Task material:
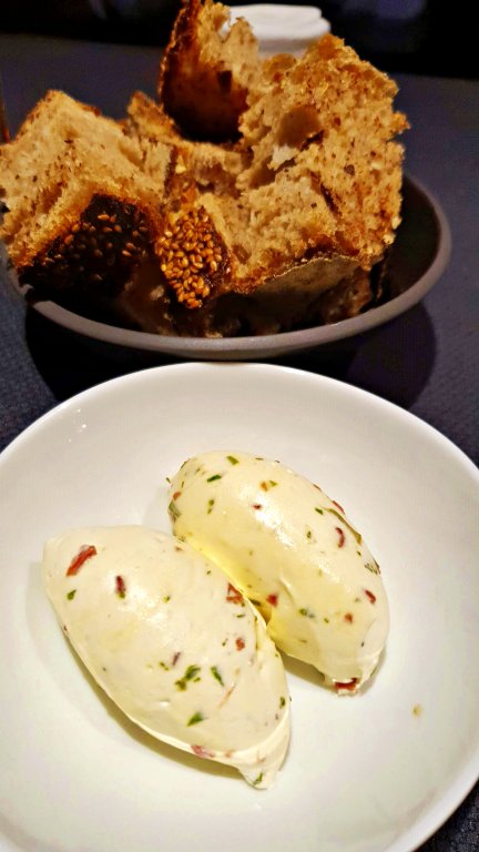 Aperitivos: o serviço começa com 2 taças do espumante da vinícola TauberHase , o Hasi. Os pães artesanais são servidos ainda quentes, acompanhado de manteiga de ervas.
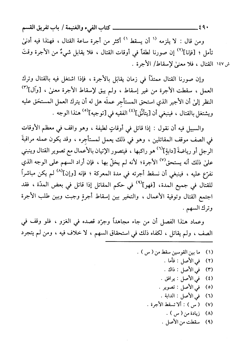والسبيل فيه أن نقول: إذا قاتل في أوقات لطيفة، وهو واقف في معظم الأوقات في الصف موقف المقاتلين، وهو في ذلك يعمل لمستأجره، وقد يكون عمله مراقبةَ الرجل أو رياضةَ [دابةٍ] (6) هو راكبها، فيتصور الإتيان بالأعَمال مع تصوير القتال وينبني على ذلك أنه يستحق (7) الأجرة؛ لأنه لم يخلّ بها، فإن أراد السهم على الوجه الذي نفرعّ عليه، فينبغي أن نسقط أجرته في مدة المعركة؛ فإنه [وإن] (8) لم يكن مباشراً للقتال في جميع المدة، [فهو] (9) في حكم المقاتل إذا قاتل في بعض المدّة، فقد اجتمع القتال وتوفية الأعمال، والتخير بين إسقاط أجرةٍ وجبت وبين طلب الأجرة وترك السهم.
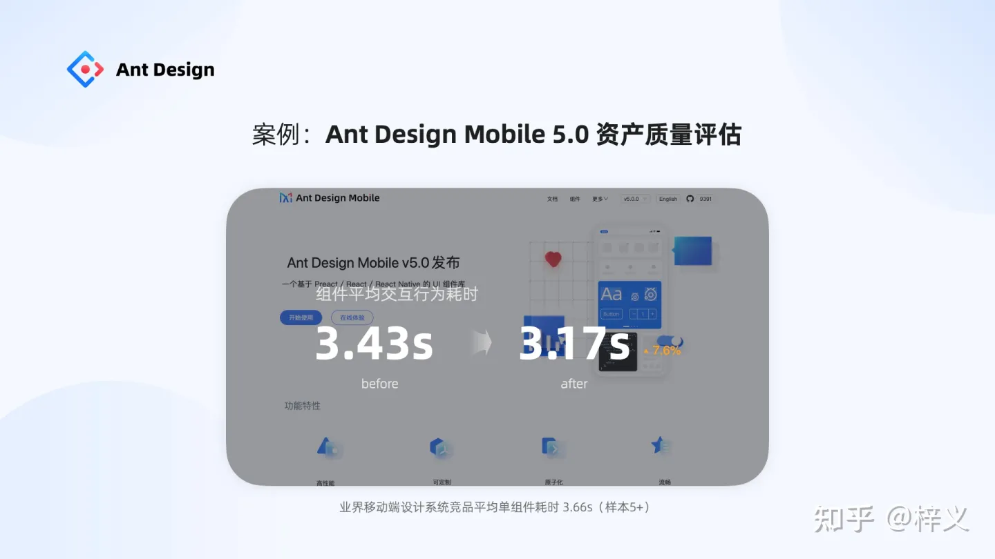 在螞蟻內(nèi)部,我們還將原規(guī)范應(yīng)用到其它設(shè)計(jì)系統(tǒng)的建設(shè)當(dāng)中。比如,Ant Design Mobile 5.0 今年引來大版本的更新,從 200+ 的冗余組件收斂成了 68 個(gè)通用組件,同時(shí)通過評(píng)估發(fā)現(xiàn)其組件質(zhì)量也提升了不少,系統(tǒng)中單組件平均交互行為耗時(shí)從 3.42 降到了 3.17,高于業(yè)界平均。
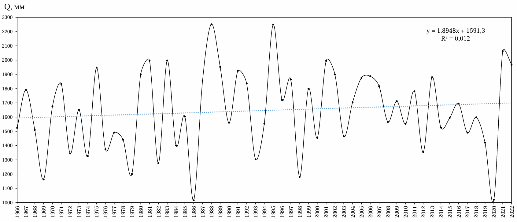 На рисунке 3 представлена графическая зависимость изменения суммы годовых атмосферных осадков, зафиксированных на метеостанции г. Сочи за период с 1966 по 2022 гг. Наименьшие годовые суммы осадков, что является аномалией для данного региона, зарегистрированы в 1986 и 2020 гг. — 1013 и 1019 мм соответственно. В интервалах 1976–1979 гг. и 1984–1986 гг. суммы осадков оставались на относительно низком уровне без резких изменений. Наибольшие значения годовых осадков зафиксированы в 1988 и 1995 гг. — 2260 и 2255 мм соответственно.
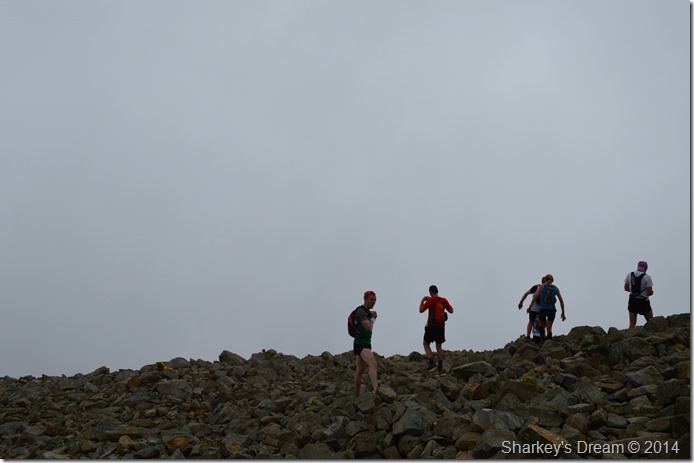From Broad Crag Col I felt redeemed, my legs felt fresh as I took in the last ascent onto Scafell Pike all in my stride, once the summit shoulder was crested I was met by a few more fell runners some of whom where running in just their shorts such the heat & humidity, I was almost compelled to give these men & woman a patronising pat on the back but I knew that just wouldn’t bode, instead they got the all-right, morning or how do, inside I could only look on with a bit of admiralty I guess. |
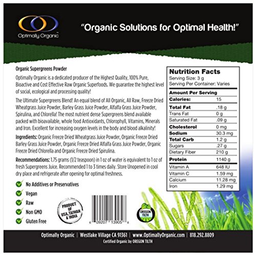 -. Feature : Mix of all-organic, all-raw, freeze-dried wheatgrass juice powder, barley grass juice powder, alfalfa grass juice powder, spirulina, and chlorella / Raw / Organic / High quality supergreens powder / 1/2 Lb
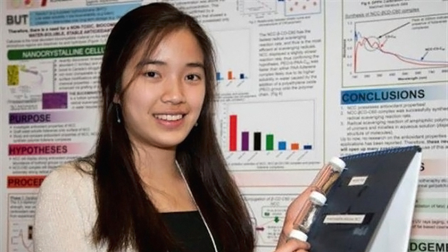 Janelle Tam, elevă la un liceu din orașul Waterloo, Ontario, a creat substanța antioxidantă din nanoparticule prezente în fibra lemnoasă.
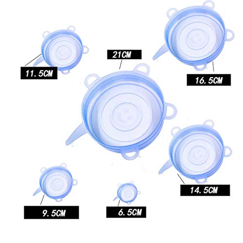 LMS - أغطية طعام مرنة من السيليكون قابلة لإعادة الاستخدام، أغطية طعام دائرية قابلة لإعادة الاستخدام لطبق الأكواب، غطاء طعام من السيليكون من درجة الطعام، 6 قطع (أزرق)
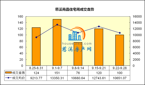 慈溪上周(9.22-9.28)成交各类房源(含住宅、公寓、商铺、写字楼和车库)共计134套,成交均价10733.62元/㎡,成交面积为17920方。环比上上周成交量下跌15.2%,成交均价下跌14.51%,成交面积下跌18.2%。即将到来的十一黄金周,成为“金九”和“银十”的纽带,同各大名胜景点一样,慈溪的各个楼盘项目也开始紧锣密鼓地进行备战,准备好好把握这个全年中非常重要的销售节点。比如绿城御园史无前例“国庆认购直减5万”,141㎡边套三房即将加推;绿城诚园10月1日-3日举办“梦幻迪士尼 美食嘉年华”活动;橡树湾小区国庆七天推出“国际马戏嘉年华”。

==

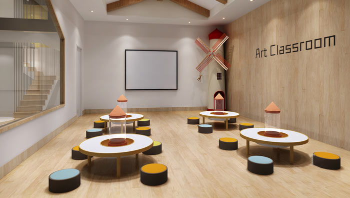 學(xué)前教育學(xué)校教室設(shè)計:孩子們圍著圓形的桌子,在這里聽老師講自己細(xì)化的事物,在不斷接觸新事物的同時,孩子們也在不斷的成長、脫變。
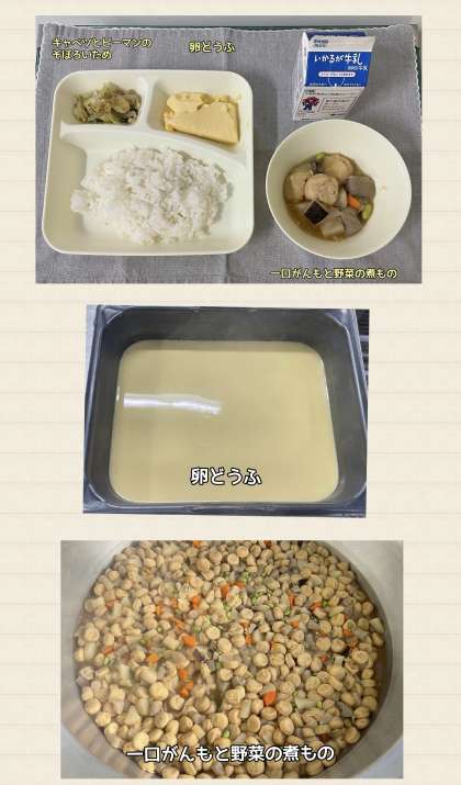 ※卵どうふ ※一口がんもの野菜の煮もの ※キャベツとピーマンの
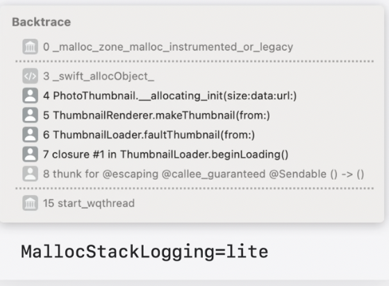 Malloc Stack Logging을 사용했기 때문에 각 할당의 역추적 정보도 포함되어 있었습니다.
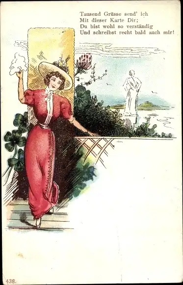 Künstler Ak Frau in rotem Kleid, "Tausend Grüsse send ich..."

==

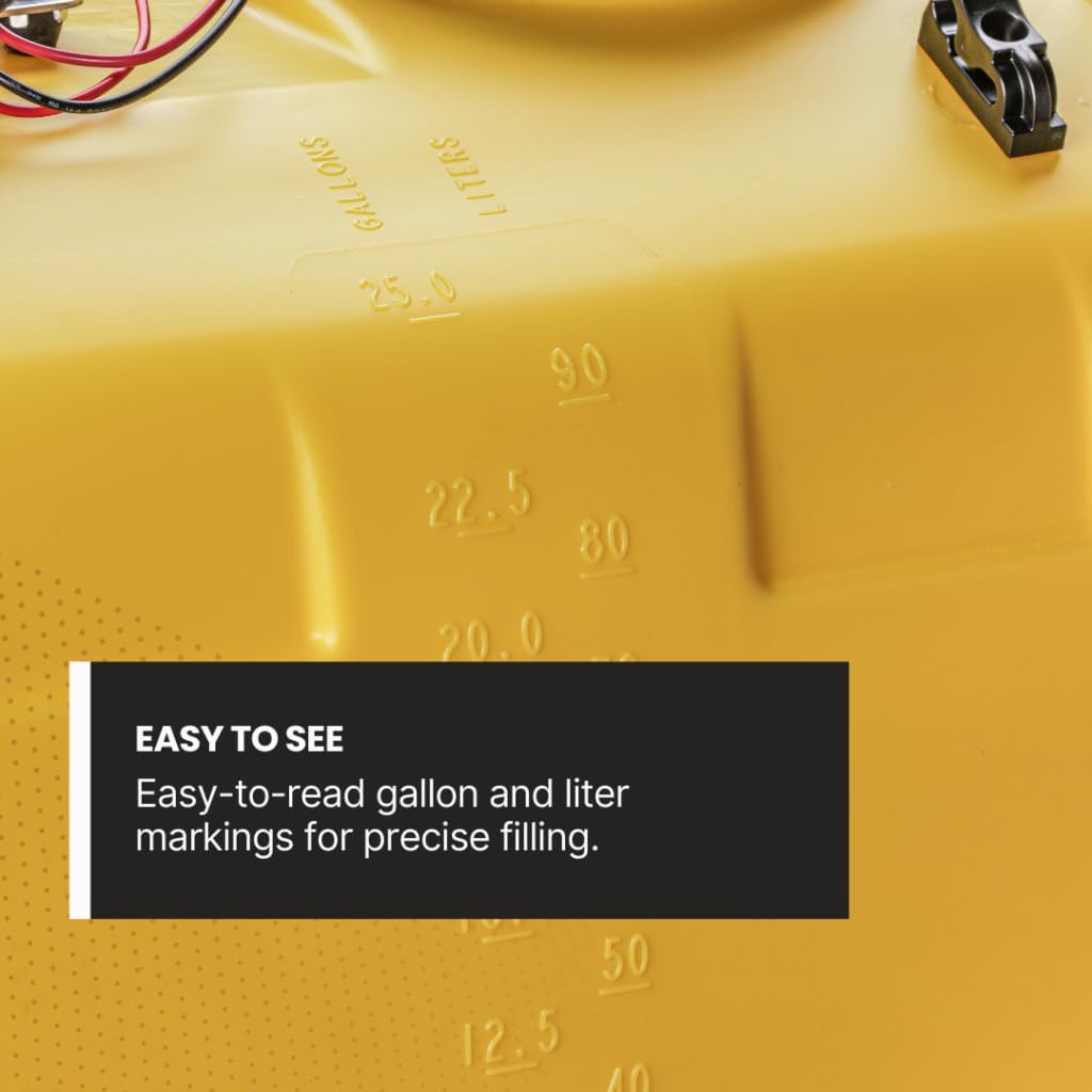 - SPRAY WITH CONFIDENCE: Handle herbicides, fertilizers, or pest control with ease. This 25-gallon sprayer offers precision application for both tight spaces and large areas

Your goal:
Extract from the material above the stretch running from the line containing "3.42 降到了 3.17,高于業(yè)界平均。" through the line containing "From Broad Crag". Keep the text exact and the pictures out.

Written solution:
 在螞蟻內(nèi)部,我們還將原規(guī)范應(yīng)用到其它設(shè)計(jì)系統(tǒng)的建設(shè)當(dāng)中。比如,Ant Design Mobile 5.0 今年引來大版本的更新,從 200+ 的冗余組件收斂成了 68 個(gè)通用組件,同時(shí)通過評(píng)估發(fā)現(xiàn)其組件質(zhì)量也提升了不少,系統(tǒng)中單組件平均交互行為耗時(shí)從 3.42 降到了 3.17,高于業(yè)界平均。
 На рисунке 3 представлена графическая зависимость изменения суммы годовых атмосферных осадков, зафиксированных на метеостанции г. Сочи за период с 1966 по 2022 гг. Наименьшие годовые суммы осадков, что является аномалией для данного региона, зарегистрированы в 1986 и 2020 гг. — 1013 и 1019 мм соответственно. В интервалах 1976–1979 гг. и 1984–1986 гг. суммы осадков оставались на относительно низком уровне без резких изменений. Наибольшие значения годовых осадков зафиксированы в 1988 и 1995 гг. — 2260 и 2255 мм соответственно.
From Broad Crag Col I felt redeemed, my legs felt fresh as I took in the last ascent onto Scafell Pike all in my stride, once the summit shoulder was crested I was met by a few more fell runners some of whom where running in just their shorts such the heat & humidity, I was almost compelled to give these men & woman a patronising pat on the back but I knew that just wouldn’t bode, instead they got the all-right, morning or how do, inside I could only look on with a bit of admiralty I guess. |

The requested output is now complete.